§ **Data entries**:

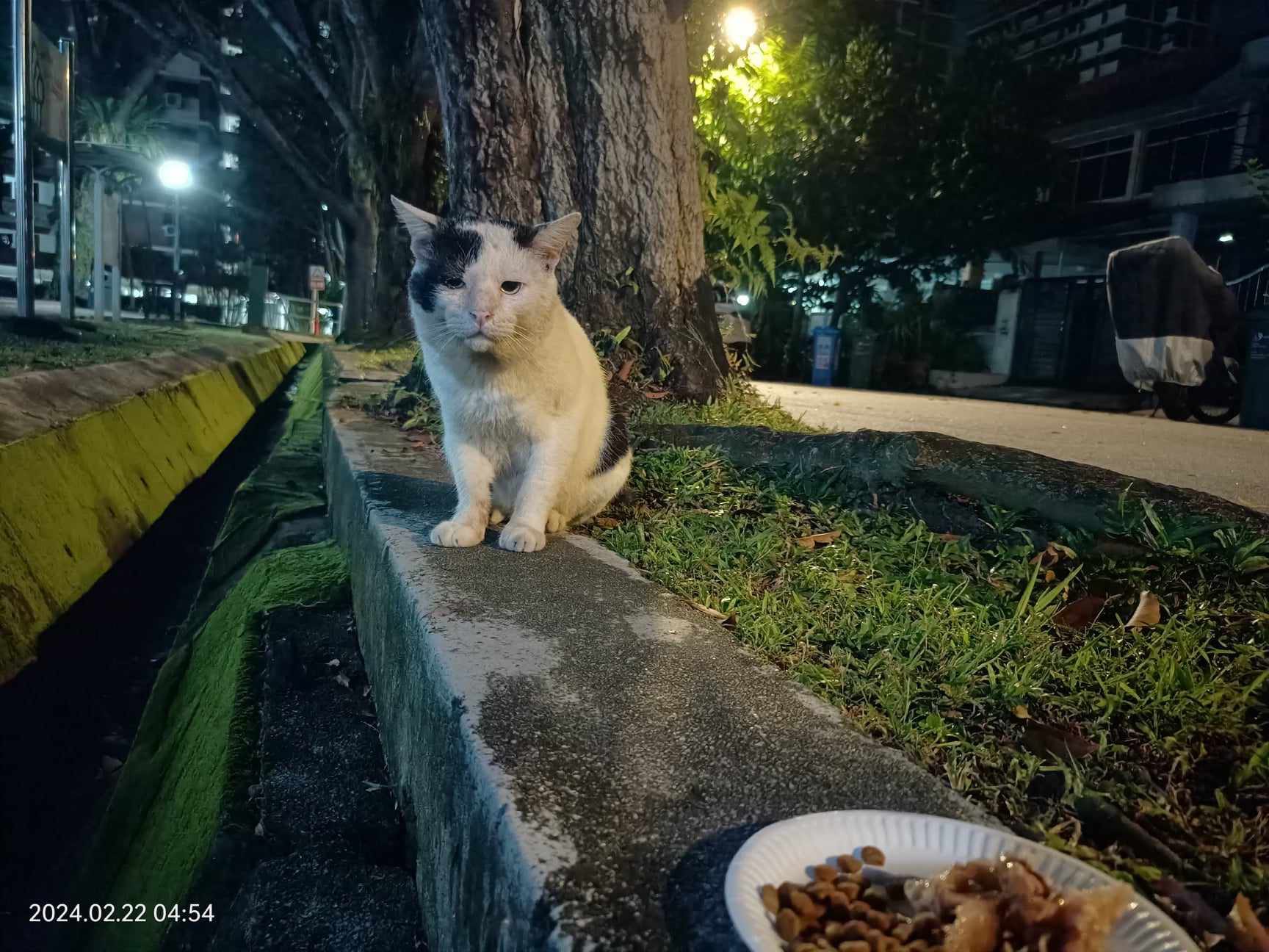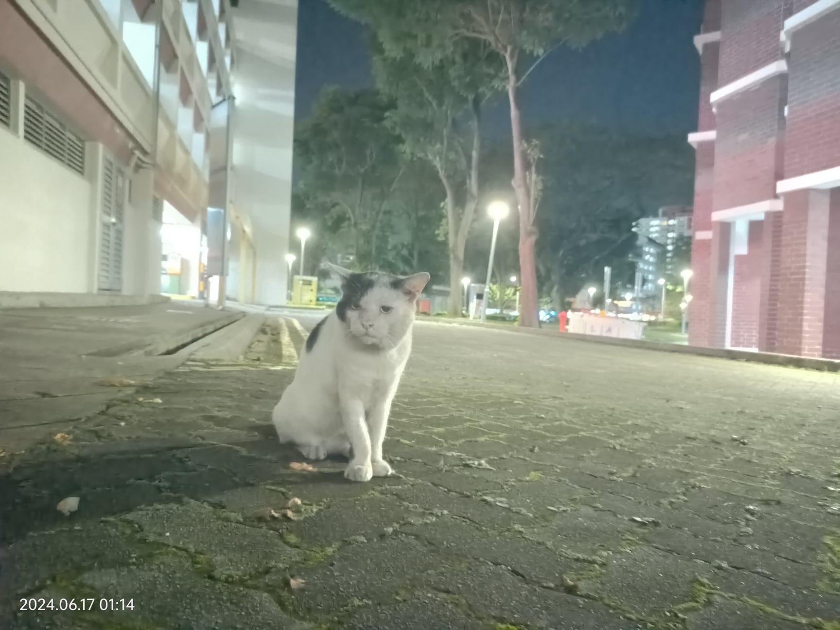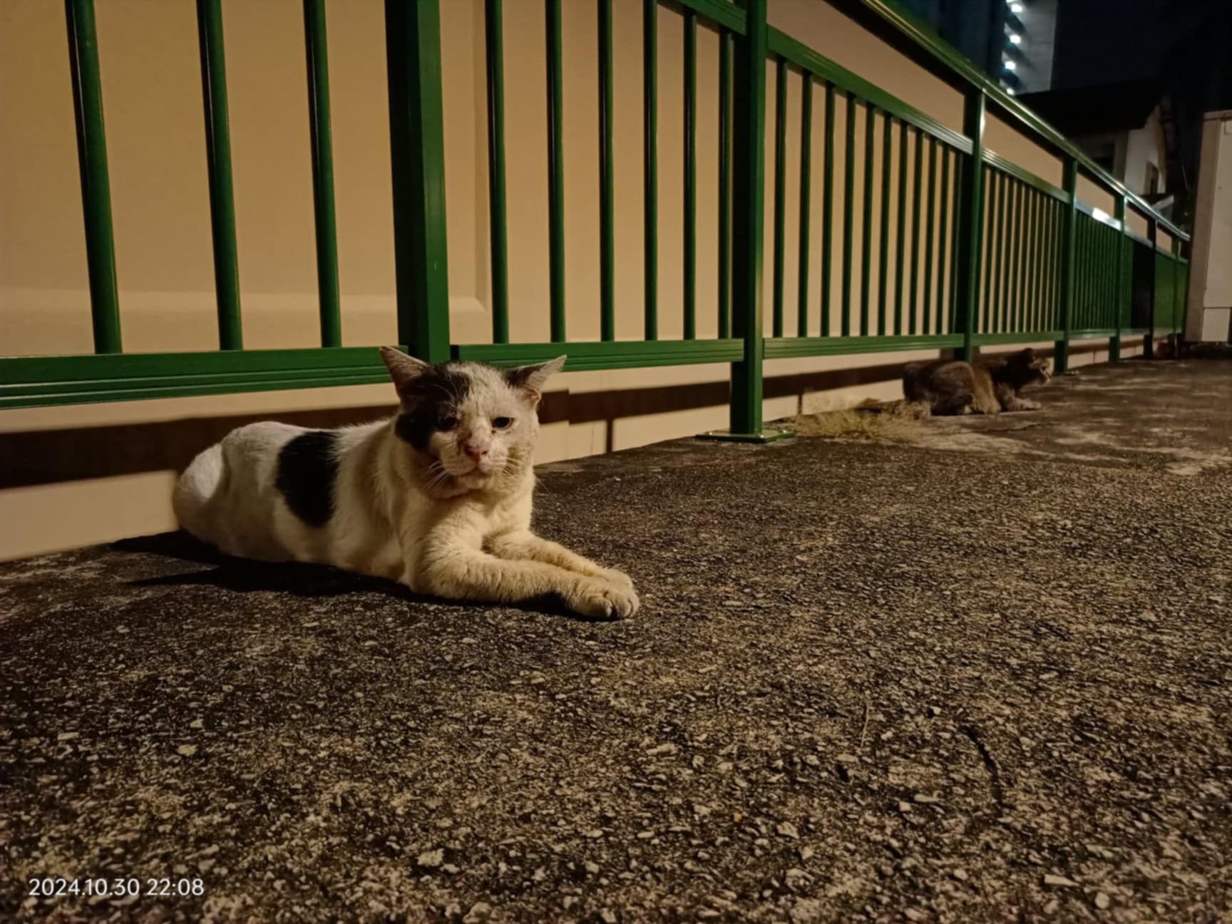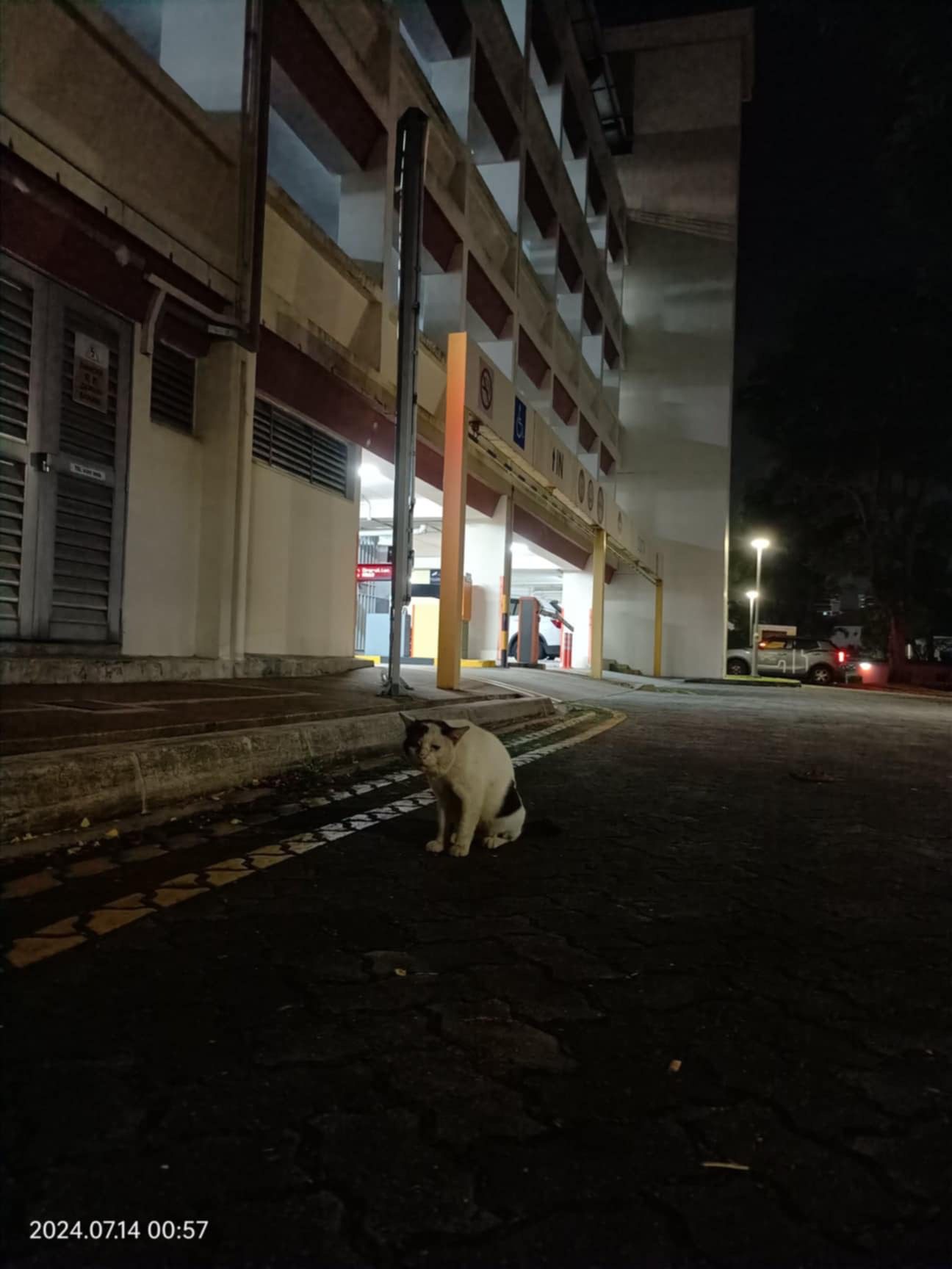 • 9pm saw xiao bai sitting outside 60a, so I give him a can of tuna and salmon
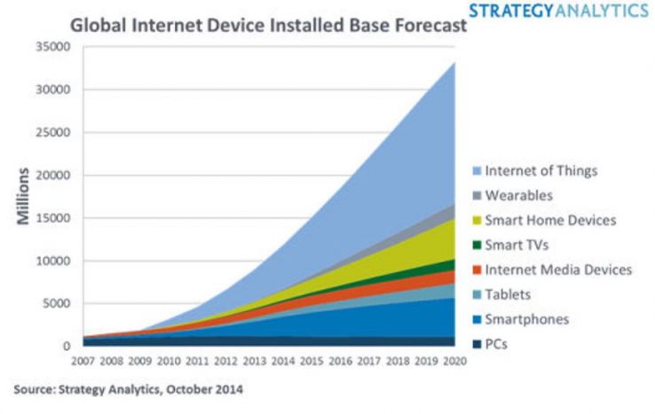 Forecasts for device sales over the next 5 years show a stunning rise in the sale of new types of Internet-connected devices: wearables, smart TVs, thermostats, refrigerators, and more. This environment has given raise to the phrase "The Internet of Things."
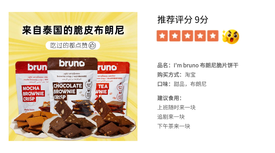 是一口经验的饼干,分享给同事吃了一口,立刻就下单了!酥脆的,但是又有完整的布朗尼蛋糕味道,霄哥连说了好几次好吃~
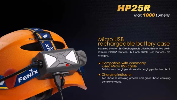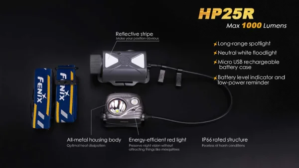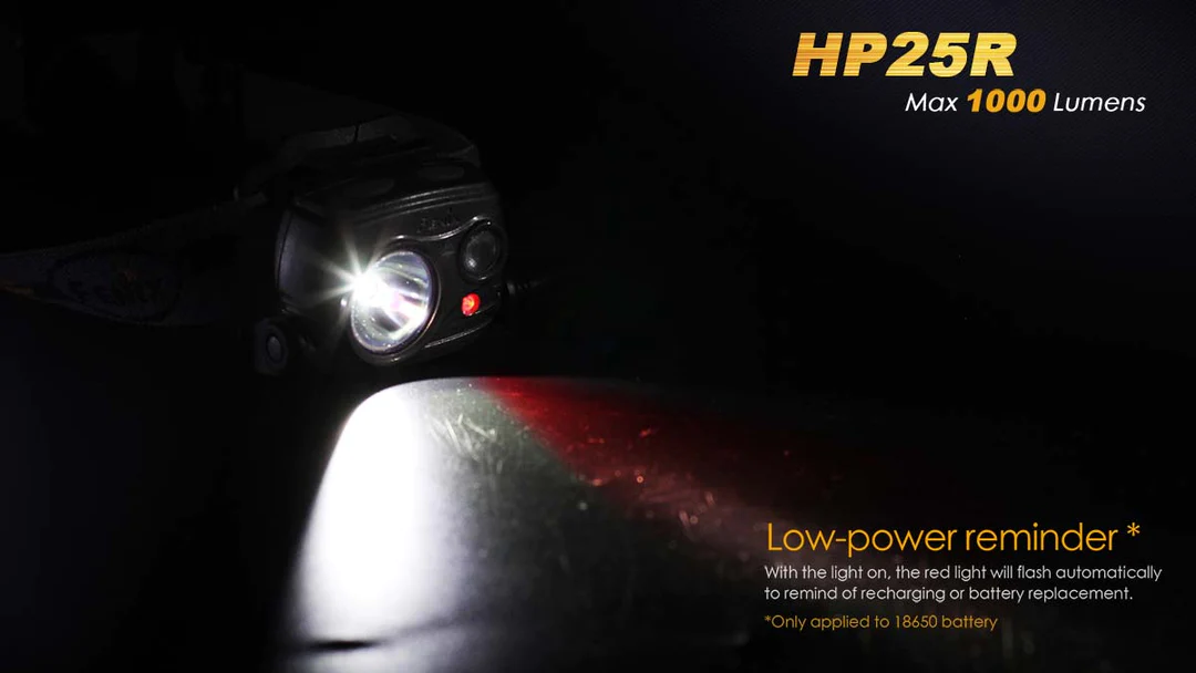 The Fenix HP25R Headlamp is the new standard in rechargeable headlamps. Offering nine modes between a neutral white floodlight, spotlight and red light, this headlamp will easily meet any need while hiking, camping, search and rescue and even cave exploration. The battery level indicator will let you know when it’s time to recharge via the micro-USB cable from any USB power source when the included 18650 Li-ion battery is used.
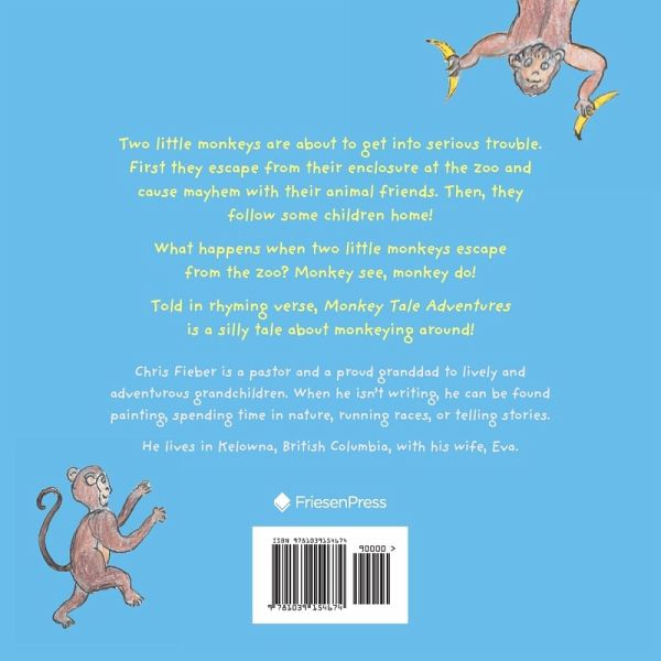 Two little monkeys are about to get into serious trouble. First they escape from their enclosure at the zoo and cause mayhem with their animal friends. Then, they follow some children home! What happens when two little monkeys escape from the zoo? Monkey see, monkey do! Told in rhyming verse, Monkey Tale Adventures is a silly tale about monkeying around!
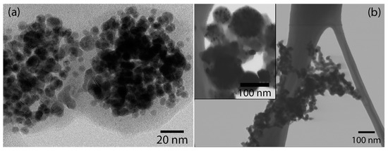 AgNP and CB-PANI.1-1/AgNP were analyzed by electron microscopy. In the high-resolution image, the AgNPs are observed, Figure 4a. As seen, the nanoparticles are spherical with a particle size of the order of 10 nm. Figure 4b portrays the image of the CB-PANI.1-1/AgNP, where the spherical morphology related to the CB particles is maintained (Figure 1a,b). In the inset, a magnified image is illustrated, in which the silver nanoparticles are observed on the core–shell surface as small black particles.
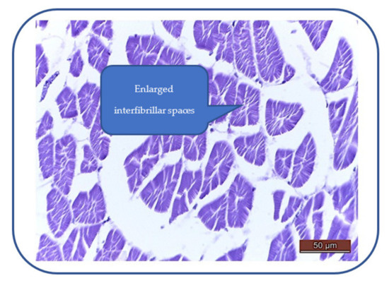 After 100 mg/L kojic acid exposure, we have noticed cardiac muscle fibers degeneration and perinuclear sarcoplasm vacuolization (Figure 8). There is also a moderate to severe myocardial congestion, characterized by ectasia and erythrocyte overload of the interstitial capillaries.
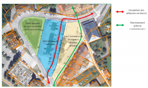 La mesure principale qui a été proposée lors de l’atelier est de fermer la travée centrale par des barrières bois pour en éviter la traversée, la réserver au stationnement, et ainsi sécuriser l’aire de jeux des jeunes dans l’espace vert à proximité. Voir illustration ci-contre.
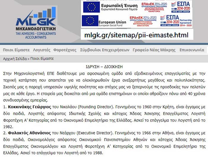 ...για το οποίο "Λογιστήριο της ΕΛΟΚ" το site της φοροτεχνικής εταιρίας "MLGK ΜΗΧΑΝΟΛΟΓΙΣΤΙΚΗ" των Γιώργου Κοκκινάκη και Θανάση Φυλακτού στο "Ποιοί είμαστε" https://mlgk.gr/sitemap/pii-eimaste.html μας δίνει:

§ **The task**:
Go back to the lines above and output, exactly as they stand, the ones from the line containing "是一口经验的饼干,分享给同事" to the line containing "The Fenix HP25R". Leave all pictures behind.

§ **Exercise response**:
 是一口经验的饼干,分享给同事吃了一口,立刻就下单了!酥脆的,但是又有完整的布朗尼蛋糕味道,霄哥连说了好几次好吃~
 The Fenix HP25R Headlamp is the new standard in rechargeable headlamps. Offering nine modes between a neutral white floodlight, spotlight and red light, this headlamp will easily meet any need while hiking, camping, search and rescue and even cave exploration. The battery level indicator will let you know when it’s time to recharge via the micro-USB cable from any USB power source when the included 18650 Li-ion battery is used.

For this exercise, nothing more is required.